Content starts

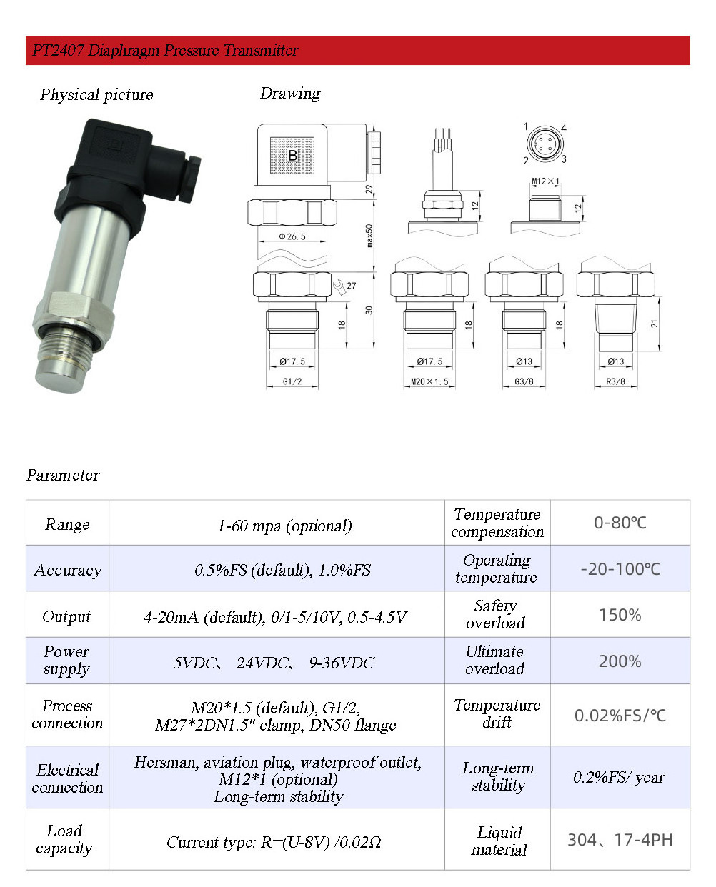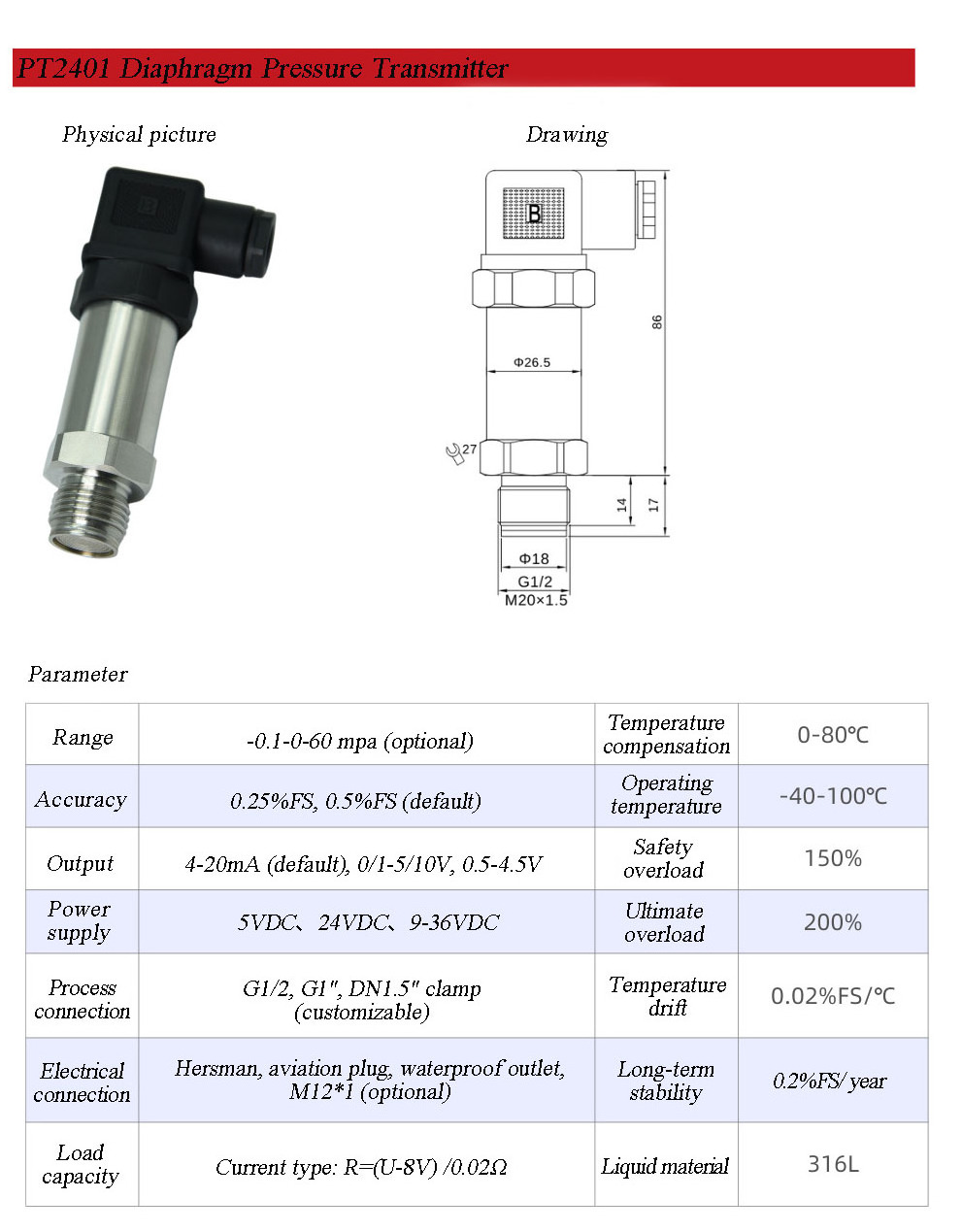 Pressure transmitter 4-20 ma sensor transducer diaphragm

Content ends
Content starts

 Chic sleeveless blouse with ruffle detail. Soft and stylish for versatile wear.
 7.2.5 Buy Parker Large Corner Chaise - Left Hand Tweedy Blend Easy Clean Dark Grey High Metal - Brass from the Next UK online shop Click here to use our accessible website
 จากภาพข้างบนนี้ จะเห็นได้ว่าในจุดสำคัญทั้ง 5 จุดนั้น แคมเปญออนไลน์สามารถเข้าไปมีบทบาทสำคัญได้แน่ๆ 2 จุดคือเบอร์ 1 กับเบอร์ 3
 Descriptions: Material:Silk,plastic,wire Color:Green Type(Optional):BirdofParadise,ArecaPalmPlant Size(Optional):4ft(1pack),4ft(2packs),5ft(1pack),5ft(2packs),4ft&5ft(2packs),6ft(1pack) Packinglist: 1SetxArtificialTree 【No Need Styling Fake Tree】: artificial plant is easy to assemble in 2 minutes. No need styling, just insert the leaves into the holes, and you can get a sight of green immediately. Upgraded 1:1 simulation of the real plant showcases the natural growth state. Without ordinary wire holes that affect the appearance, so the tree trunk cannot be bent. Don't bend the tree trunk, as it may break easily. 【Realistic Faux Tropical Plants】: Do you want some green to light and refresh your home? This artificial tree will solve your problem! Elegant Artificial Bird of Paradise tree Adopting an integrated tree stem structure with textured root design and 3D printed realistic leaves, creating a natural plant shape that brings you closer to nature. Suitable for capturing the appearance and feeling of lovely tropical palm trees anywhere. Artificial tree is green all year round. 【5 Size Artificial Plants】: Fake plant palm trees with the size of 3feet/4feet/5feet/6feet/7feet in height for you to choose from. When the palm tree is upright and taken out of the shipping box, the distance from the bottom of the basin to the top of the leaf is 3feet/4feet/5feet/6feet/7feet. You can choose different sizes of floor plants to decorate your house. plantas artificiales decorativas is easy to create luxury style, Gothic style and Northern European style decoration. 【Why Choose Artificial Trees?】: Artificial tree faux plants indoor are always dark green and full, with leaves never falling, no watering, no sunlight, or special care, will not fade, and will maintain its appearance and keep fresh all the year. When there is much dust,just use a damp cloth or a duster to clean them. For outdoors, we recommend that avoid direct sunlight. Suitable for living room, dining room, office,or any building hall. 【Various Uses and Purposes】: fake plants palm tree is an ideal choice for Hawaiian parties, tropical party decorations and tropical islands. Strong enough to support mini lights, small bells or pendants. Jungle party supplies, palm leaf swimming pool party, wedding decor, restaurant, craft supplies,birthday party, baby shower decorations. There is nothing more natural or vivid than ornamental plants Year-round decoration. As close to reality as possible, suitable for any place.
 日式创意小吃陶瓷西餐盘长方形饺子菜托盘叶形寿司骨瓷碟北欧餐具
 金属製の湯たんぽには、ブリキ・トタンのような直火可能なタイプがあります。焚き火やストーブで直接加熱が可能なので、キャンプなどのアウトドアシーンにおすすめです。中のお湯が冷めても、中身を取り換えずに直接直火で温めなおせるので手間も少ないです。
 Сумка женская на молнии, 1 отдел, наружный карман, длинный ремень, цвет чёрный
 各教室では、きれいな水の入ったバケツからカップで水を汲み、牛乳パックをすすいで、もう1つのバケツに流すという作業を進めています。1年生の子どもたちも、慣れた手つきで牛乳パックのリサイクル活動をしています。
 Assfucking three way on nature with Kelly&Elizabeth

Content ends
Content starts

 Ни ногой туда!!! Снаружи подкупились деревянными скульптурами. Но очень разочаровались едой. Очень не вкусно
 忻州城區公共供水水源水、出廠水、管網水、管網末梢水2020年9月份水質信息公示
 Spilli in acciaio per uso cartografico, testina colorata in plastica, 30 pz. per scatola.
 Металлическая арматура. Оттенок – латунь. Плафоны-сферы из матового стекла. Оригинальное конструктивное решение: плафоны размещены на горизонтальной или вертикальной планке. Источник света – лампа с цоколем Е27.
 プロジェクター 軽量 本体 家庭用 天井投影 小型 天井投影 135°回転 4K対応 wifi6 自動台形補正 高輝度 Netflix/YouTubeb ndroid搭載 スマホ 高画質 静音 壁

Content ends

**What to produce:** Look above for the line with "Металлическая арматура. Оттенок" and the line with "プロジェクター 軽量 本体", and reproduce exactly those two lines plus every line between, nothing more.

**Task answer:**
 Металлическая арматура. Оттенок – латунь. Плафоны-сферы из матового стекла. Оригинальное конструктивное решение: плафоны размещены на горизонтальной или вертикальной планке. Источник света – лампа с цоколем Е27.
 プロジェクター 軽量 本体 家庭用 天井投影 小型 天井投影 135°回転 4K対応 wifi6 自動台形補正 高輝度 Netflix/YouTubeb ndroid搭載 スマホ 高画質 静音 壁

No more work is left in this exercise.